- **DATASET EXCERPT**:
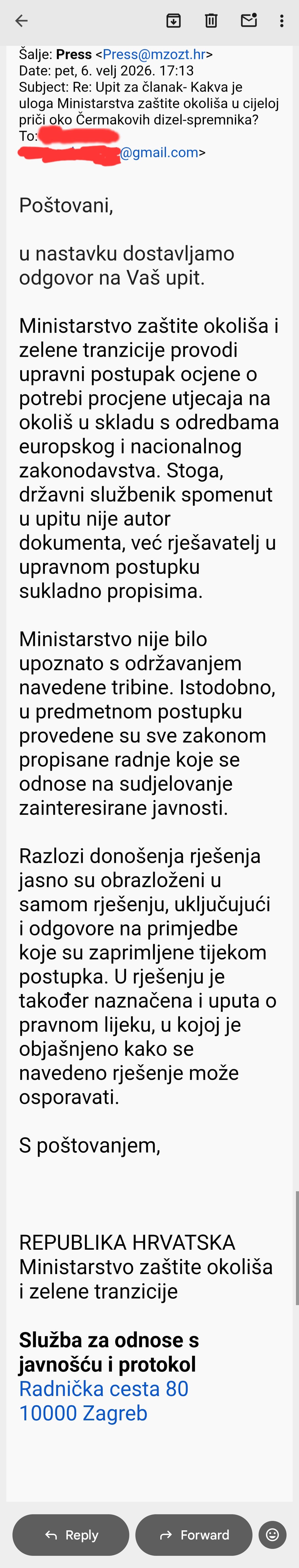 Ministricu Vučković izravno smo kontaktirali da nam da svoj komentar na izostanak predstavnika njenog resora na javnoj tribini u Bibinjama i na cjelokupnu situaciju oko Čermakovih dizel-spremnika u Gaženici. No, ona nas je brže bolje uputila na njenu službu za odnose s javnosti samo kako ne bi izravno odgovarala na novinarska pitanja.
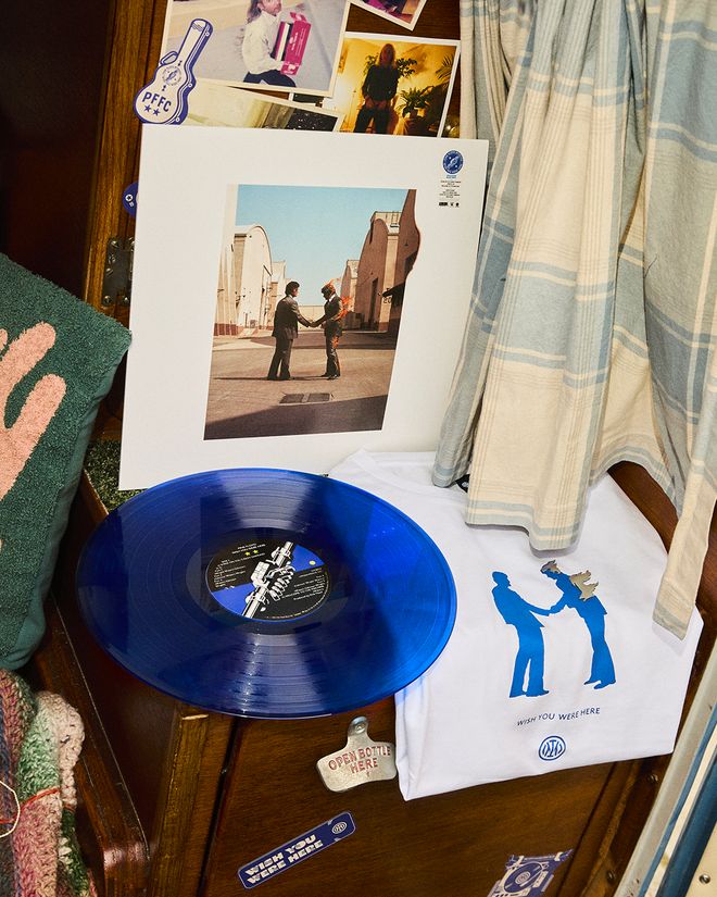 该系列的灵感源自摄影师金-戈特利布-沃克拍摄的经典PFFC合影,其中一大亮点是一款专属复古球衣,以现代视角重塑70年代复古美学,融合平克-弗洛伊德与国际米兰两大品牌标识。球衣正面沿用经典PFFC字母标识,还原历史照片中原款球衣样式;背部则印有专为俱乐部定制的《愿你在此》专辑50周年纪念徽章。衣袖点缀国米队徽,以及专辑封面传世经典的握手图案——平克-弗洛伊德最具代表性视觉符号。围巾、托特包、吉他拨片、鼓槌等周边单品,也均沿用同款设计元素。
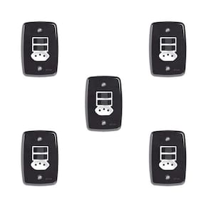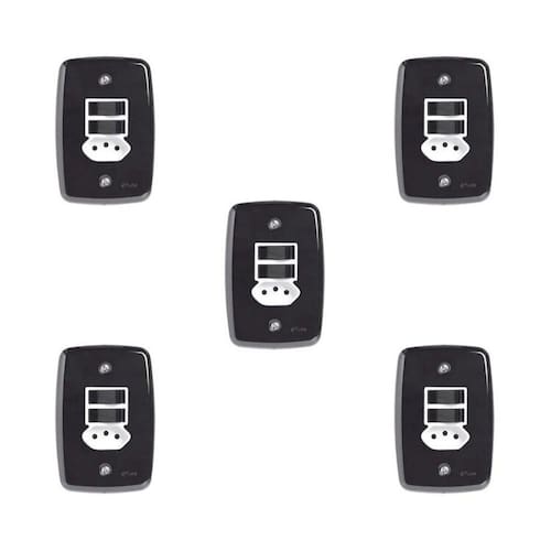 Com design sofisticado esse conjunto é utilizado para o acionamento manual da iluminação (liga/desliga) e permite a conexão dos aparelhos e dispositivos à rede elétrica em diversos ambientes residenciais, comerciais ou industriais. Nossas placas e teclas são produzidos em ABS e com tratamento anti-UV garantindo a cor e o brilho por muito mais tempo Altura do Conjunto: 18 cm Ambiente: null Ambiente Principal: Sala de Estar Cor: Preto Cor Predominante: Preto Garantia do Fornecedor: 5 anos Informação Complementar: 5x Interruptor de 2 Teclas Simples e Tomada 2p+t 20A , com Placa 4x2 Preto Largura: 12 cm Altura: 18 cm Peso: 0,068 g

- **WORK INSTRUCTIONS**:
Word for word, return the material above; the pictures stay out.

- **OUTPUT OF THE EXERCISE**:
 Ministricu Vučković izravno smo kontaktirali da nam da svoj komentar na izostanak predstavnika njenog resora na javnoj tribini u Bibinjama i na cjelokupnu situaciju oko Čermakovih dizel-spremnika u Gaženici. No, ona nas je brže bolje uputila na njenu službu za odnose s javnosti samo kako ne bi izravno odgovarala na novinarska pitanja.
 该系列的灵感源自摄影师金-戈特利布-沃克拍摄的经典PFFC合影,其中一大亮点是一款专属复古球衣,以现代视角重塑70年代复古美学,融合平克-弗洛伊德与国际米兰两大品牌标识。球衣正面沿用经典PFFC字母标识,还原历史照片中原款球衣样式;背部则印有专为俱乐部定制的《愿你在此》专辑50周年纪念徽章。衣袖点缀国米队徽,以及专辑封面传世经典的握手图案——平克-弗洛伊德最具代表性视觉符号。围巾、托特包、吉他拨片、鼓槌等周边单品,也均沿用同款设计元素。
 Com design sofisticado esse conjunto é utilizado para o acionamento manual da iluminação (liga/desliga) e permite a conexão dos aparelhos e dispositivos à rede elétrica em diversos ambientes residenciais, comerciais ou industriais. Nossas placas e teclas são produzidos em ABS e com tratamento anti-UV garantindo a cor e o brilho por muito mais tempo Altura do Conjunto: 18 cm Ambiente: null Ambiente Principal: Sala de Estar Cor: Preto Cor Predominante: Preto Garantia do Fornecedor: 5 anos Informação Complementar: 5x Interruptor de 2 Teclas Simples e Tomada 2p+t 20A , com Placa 4x2 Preto Largura: 12 cm Altura: 18 cm Peso: 0,068 g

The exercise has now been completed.